### TRY IT
Your task is to retype, word for word, the lines from the start of the data through the line holding "Our Activities Coordinators". Do not include the pictures.
SOURCE RECORDS START
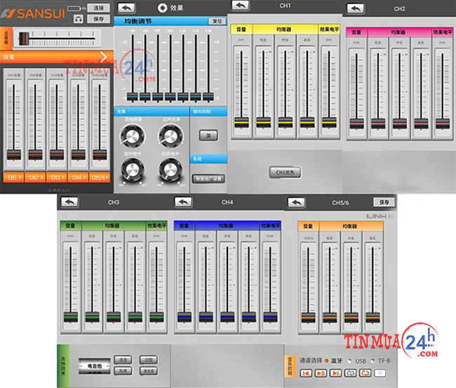 Điểm nhấn ở bộ sản phẩm Sansui SG10-15 là loa tích hợp bộ vang số tự động nhằm giúp bạn dễ dàng loại bỏ tạp âm cực tốt nhằm hỗ trợ âm thanh đầu ra vô cùng hay và trong trẻo hơn. Bạn có thể trực tiếp điều chỉnh âm nhạc từ trên bảng mạch, hoặc có thể sử dụng phần mềm Sansui SG10-15. Phần mềm này dành riêng cho các dòng loa kéo Sansui có tích hợp vang số, tương thích với cả hệ điều hành Android và iOS. Bạn có thể điều chỉnh nhạc ngay trên các thiết bị di động thông qua kết nối Bluetooth, đây là một trong những cải tiến vượt bậc ở dòng sản phẩm này. Đặc biệt, trên phần mềm của loa còn có chức năng tắt tiếng của ca sĩ.
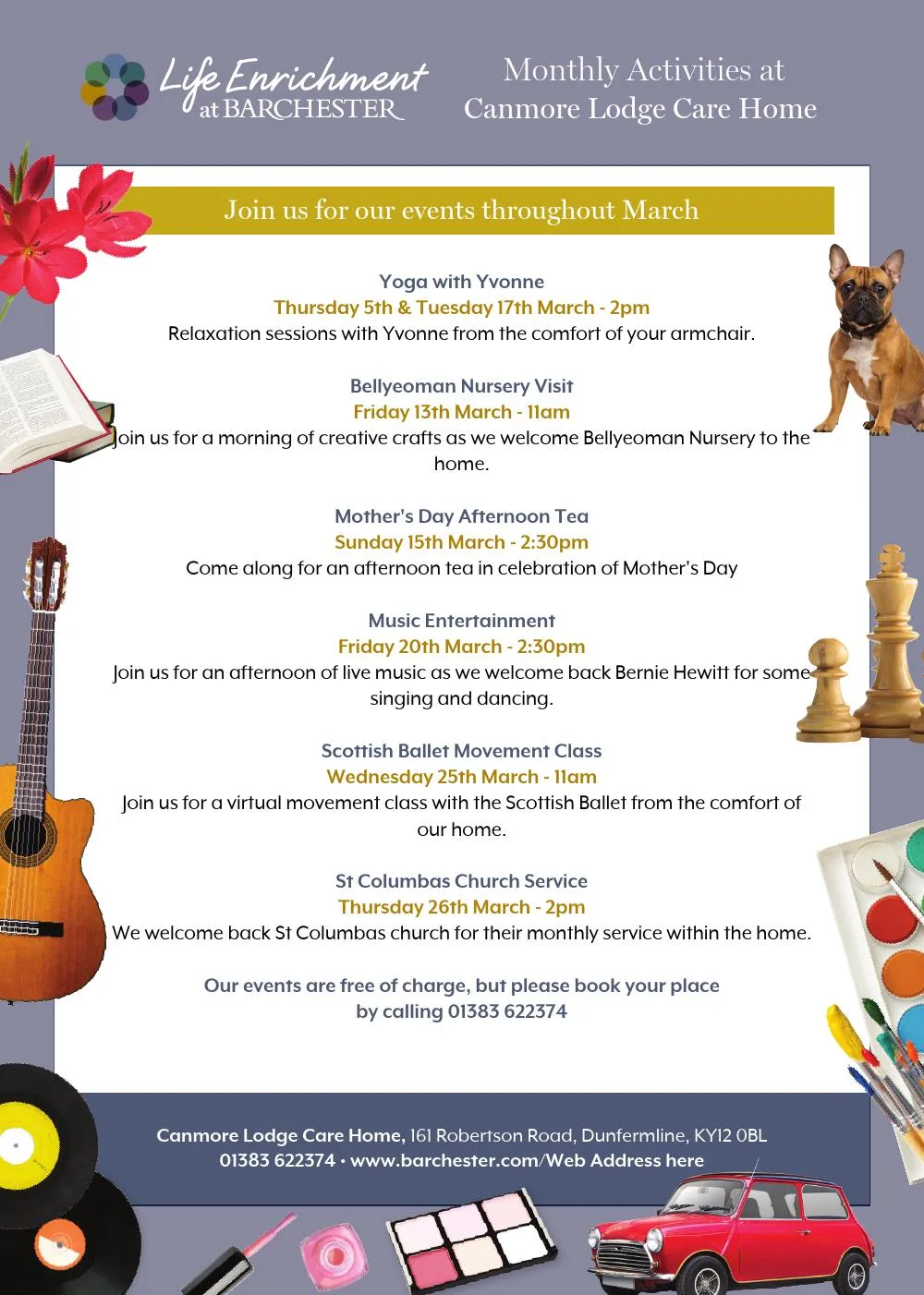 Our Activities Coordinators are committed to organising a variety of events as well as offering tailored programmes to stimulate residents both mentally and physically. There are regular outings in the minibus to local places of interest, such as trips to the beach for ice cream, pub visits for a pint, and regular trips to Dobbies for tea and cakes. Georgie Girl, an old English sheep dog, also stops by the home on regular basis for pet therapy. Musical entertainment is a big hit with residents as well, so we book fan favourites to come and play at the home each month. At Canmore, relatives are always encouraged to join in on the fun too.
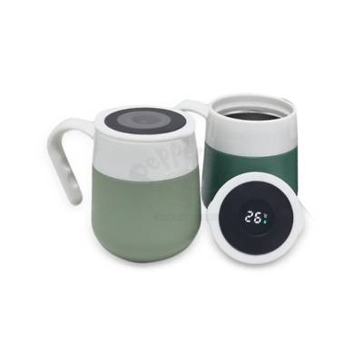 Caneca térmica personalizada produzida em inox com capacidade para 500ml, Possui display LED com termômetro digital na tampa para indicar a temperatura do líquido e tampa rosqueável com anel de vedação. Ideal para brindes promocionais e eventos corporativos.
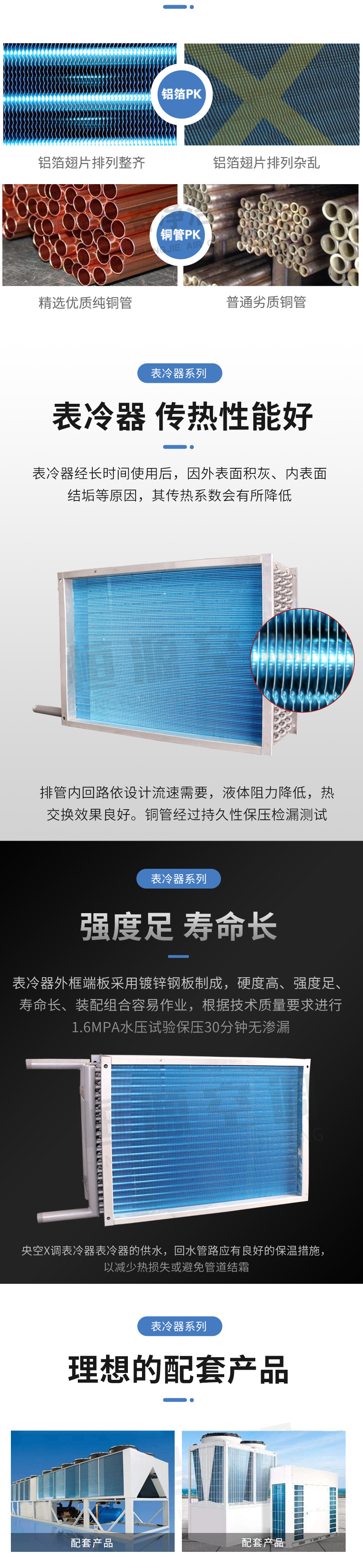靖江市恒源空調設備制造有限公司——親水鋁箔表冷器的熱濕交換是在主體空氣與緊貼換熱器外表面的邊界層空氣之間的溫差和水蒸氣分壓力差作用下進行的。它可以實現兩種空氣處理過程:當邊界層空氣溫度低于主體空氣的露點溫度時,將發生減濕冷卻過程或稱濕冷過程(濕工況);當邊界層空氣溫度雖低于主體空氣溫度,但尚高于其露點溫度時將發生等濕冷卻過程(干工況)。
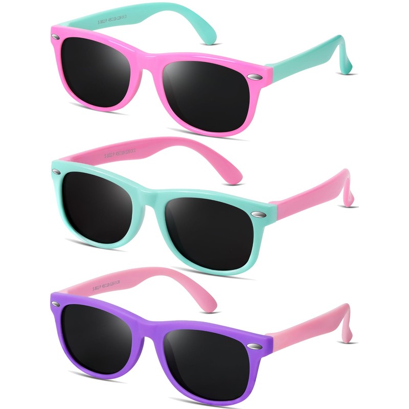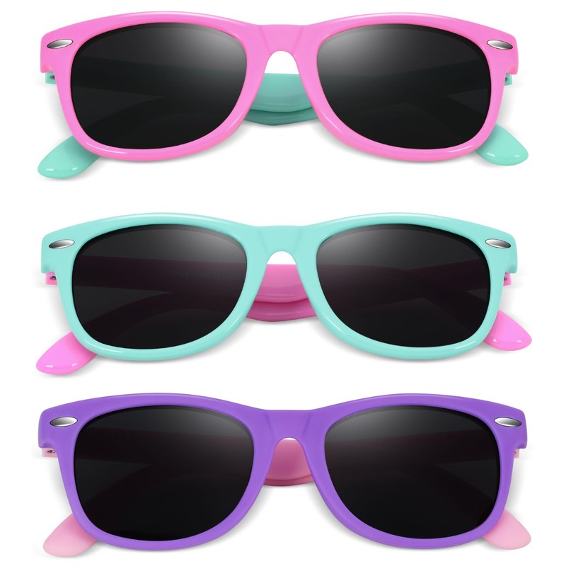 - PACK of 3 - There are 3 pairs of sun glasses available for toddlers, little girls and boys age 3-9. These sunglasses are also the perfect beach essentials for kids.
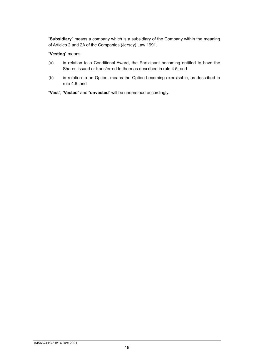 A45667419/2.8/14 Dec 2021 18 “Subsidiary” means a company which is a subsidiary of the Company within the meaning of Articles 2 and 2A of the Companies (Jersey) Law 1991. “Vesting” means: (a) in relation to a Conditional Award, the Participant becoming entitled to have the Shares issued or transferred to them as described in rule 4.5; and (b) in relation to an Option, means the Option becoming exercisable, as described in rule 4.6, and “Vest”, “Vested” and “unvested” will be understood accordingly.
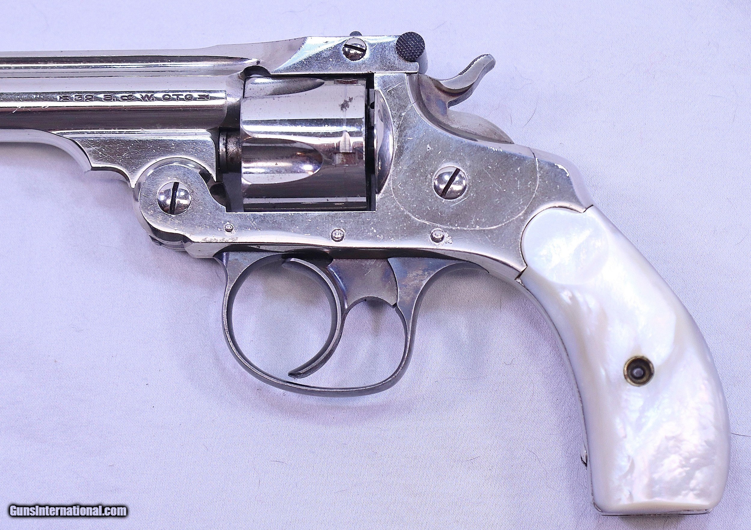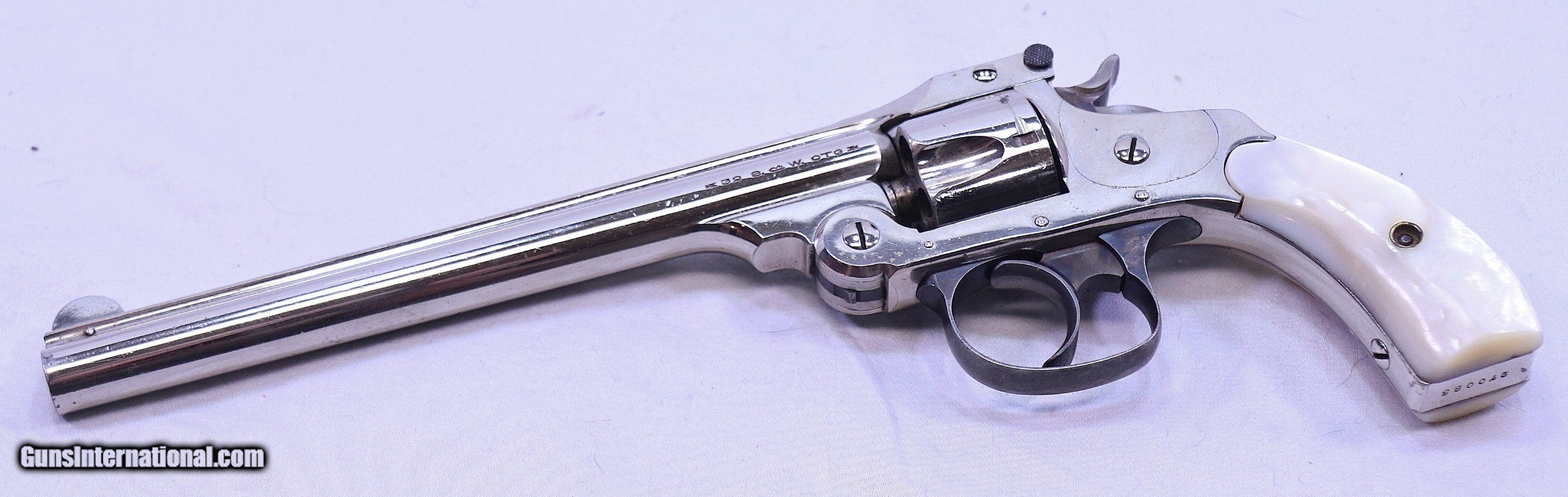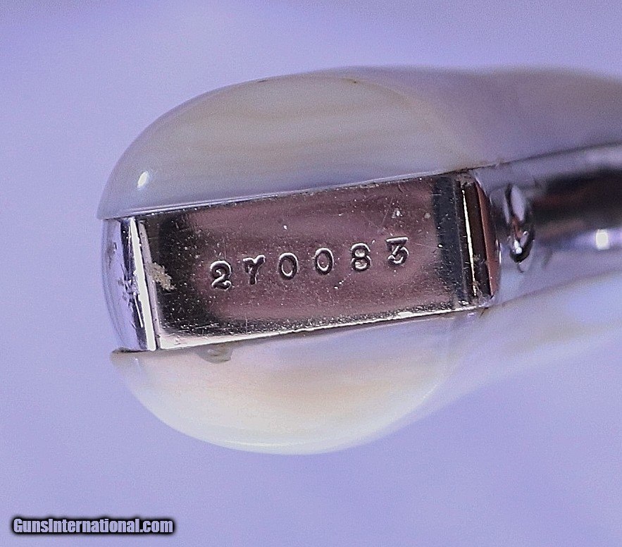 Description: This S&W .32 Double Action Revolver has a rare 6 inch barrel. It has beautiful pearl grips that are in perfect condition. It was made around 1909 and now 111 years later it remains in excellent condition. It has every appearance of being unfired. The bolster is un-marred and the barrel is bright and sharp with the exception of a few storage spots. The nickel plating is in Exc. condition with scattered minor blemishes that can be seen in the photos. The action is very tight and fully functional. A very nice example, fresh from long term storage in someones "sock drawer". A great addition to any S&W collection. .32 S&W with a 6” barrel, Serial Number: 270083, FFL Required Beaver Creek Arms TERMS & CONDITIONS Objective: As a collector of 35 years and Licensed Firearms Dealer since 1989 I have a clear definition of a satisfactory transaction. I will be paid as we agreed to, and you will be satisfied with your purchase. My goal is to establish a client list of satisfied repeat customers who will recommend me to other collectors. It’s just that simple. Exiled Saudi princes with secret funds needing change from an over paid purchase need not apply. Notice: ALL Federal, State, & Local firearms laws will be followed. I will take NO shortcuts in the process of a legal sale or transfer, so please don’t ask. SHIPPING: Normally shipments are made via U.S.P.S. Priority Mail, Insured, with a return receipt. Typical Packing, Shipping and Insurance cost for a handgun is $30.00, and for a Long Gun is $45.00. Checks & Payment are to be made to: Steve Clark Mail to: 380 Beaver Creek Rd. Dillsburg PA 17019 Availability: All items are in stock and available for immediate shipment. Please call or email and an Item will be held up to a week with your Name, Address, & Phone Number. Items marked Reserved are being held for awaiting payment or on layaway. If you are interested in a reserved item, please call or E-Mail to be placed on a backup list. FIREARMS: Modern firearms, post 1898, can only be shipped to a Type 01 Federal Firearms License address. Curio-Relic firearms, as defined by the BATF list, can usually be shipped to a Type 03 Collectors License address. Some states have additional restrictions such as CA, CT, DC, IL, MD, NJ and NY. A signed valid FFL license copy either mailed or emailed will be required for shipment to only the license address. Antique firearms, pre 1898 do not require a Federal License. For purchase, a copy of a Government Issued Identification (Drivers License, Etc), showing date of birth and current address will be required. GUARANTEE: Your complete satisfaction is assured, see objective above. If you are not satisfied, please contact me within 3 days of receipt. Please don’t fire the weapon, safety, function and accuracy are NOT Guaranteed. Any weapon offered by Beaver Creek Arms is never test fired nor is there any representation the gun is functional and safe to fire. These guns are sold for collectors and only represented as used firearms that must be checked by a competent person, observe all the necessary safety precautions prior to attempting to load and fire one of these weapons RETURNS: Returns must be made within 3 days of receipt. They must be received in exactly the same condition with no parts exchanged. If it has been altered, damaged, or fired, a refund will not be made. Packing, shipping and insurance cost will not be refunded. All layaway purchases are returnable for merchandise credit only. Sales: All sales are made with the buyer’s full acceptance of the stated terms of sale. All sales are made in strict compliance with all Federal Firearms Laws. No items contained in thissite are offered for sale where prohibited by any Federal, State or Local laws. By ordering, the buyer certifies that their purchase will be in full compliance with all Federal, State and Local laws. All transactions shall be deemed to occur in Pennsylvania regardless whether by telephone, mail, internet or the physical location of the buyer. All transactions will be subject only to Federal and Pennsylvania State law. Any disputes will be resolved in a Pennsylvania Court. PAYMENT: Bank check, Personal check, and Money Orders are preferred. Visa and MasterCard are accepted with a 3% processing fee. For Visa and MasterCard orders please provide the account number, code number, expiration date, name on card, phone number and card billing address. This information can be phoned in, or E-Mailed. All orders must be paid in advance, C.O.D. orders are not accepted. Checks, both Bank and Personal must clear before the order will be shipped, usually a 2 week delay. LAYAWAYS: A 20% deposit is required. Balance is due in 60 days. Deposits are non-refundable and are forfeited after 60 days. Layaway sales are returnable for merchandise credit only. SALES TAX: Pennsylvania state sales tax is 6% for in state purchases. The payment of other states sales tax, if applicable, for shipped items is the buyers responsibility. DISCREET: Client information will remain Confidential. Your privacy is protected SOLD Curio/Relic: Yes |
SOURCE RECORDS END
### TASK ANSWER
 Điểm nhấn ở bộ sản phẩm Sansui SG10-15 là loa tích hợp bộ vang số tự động nhằm giúp bạn dễ dàng loại bỏ tạp âm cực tốt nhằm hỗ trợ âm thanh đầu ra vô cùng hay và trong trẻo hơn. Bạn có thể trực tiếp điều chỉnh âm nhạc từ trên bảng mạch, hoặc có thể sử dụng phần mềm Sansui SG10-15. Phần mềm này dành riêng cho các dòng loa kéo Sansui có tích hợp vang số, tương thích với cả hệ điều hành Android và iOS. Bạn có thể điều chỉnh nhạc ngay trên các thiết bị di động thông qua kết nối Bluetooth, đây là một trong những cải tiến vượt bậc ở dòng sản phẩm này. Đặc biệt, trên phần mềm của loa còn có chức năng tắt tiếng của ca sĩ.
 Our Activities Coordinators are committed to organising a variety of events as well as offering tailored programmes to stimulate residents both mentally and physically. There are regular outings in the minibus to local places of interest, such as trips to the beach for ice cream, pub visits for a pint, and regular trips to Dobbies for tea and cakes. Georgie Girl, an old English sheep dog, also stops by the home on regular basis for pet therapy. Musical entertainment is a big hit with residents as well, so we book fan favourites to come and play at the home each month. At Canmore, relatives are always encouraged to join in on the fun too.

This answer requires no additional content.